Purpose: The role of breast density in cancer detection has been well characterized, and newer modalities such as breast tomosynthesis and breast CT (bCT) were developed to improve cancer detection in the dense breast by reducing anatomical complexity. Anatomical noise was characterized on a small cohort of patient images and compared across digital mammography, tomosynthesis, and bCT images. Methods and Materials: An IRB-approved and HIPPA-compliant clinical study was performed on women undergoing breast biopsy, and mammography, tomosynthesis, and bCT were performed on both breasts immediately prior to biopsy. A total of 23 women participated in this study, and the unaffected breast (no lesion) was evaluated. A total of 1000 regions of interest were sampled on each image data set, and the 2D noise power spectrum (NPS) was evaluated. This was radially averaged to produce a 1D NPS, and the NPS was fit to a power law: ln{NPS(f)} = alpha+betaxln(f), over an anatomically-relevant range of spatial frequencies. The slope, beta, was averaged across patients and compared between modalities and projections. Results: The value of beta was determined for bCT data sets, and they were 1.75 (0.424), 1.83 (0.352), and 1.79 (0.397), for the coronal, sagittal and axial views, respectively.

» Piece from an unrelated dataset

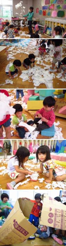 七夕の集会の後は,保育室にいっぱいの落とし紙を雪のように降らせたり,細かくちぎってみたり,かき氷に見立てて遊んだり,雪合戦のようにして段ボール箱の隠れ場所に入り込んだり・・・歓声をあげて遊んでいました。

For tomosynthesis, beta was 3.06 (0.361) and 3.10 (0.315) for the CC and MLO views, respectively. For mammography, these values were 3.17 (0.226) and 3.30 (0.236), for the CC and MLO views, respectively. The values of beta for breast CT were significantly different than those for tomosynthesis and mammography (p<0.001, all 12 comparisons). Conclusions: The results of this investigation demonstrate that the anatomical complexity of the breast, as characterized by the parameter beta, is statistically similar between mammography and tomosynthesis, a somewhat surprising finding. The breast CT image data, however, demonstrate a statistically-significant reduction in beta across all projections.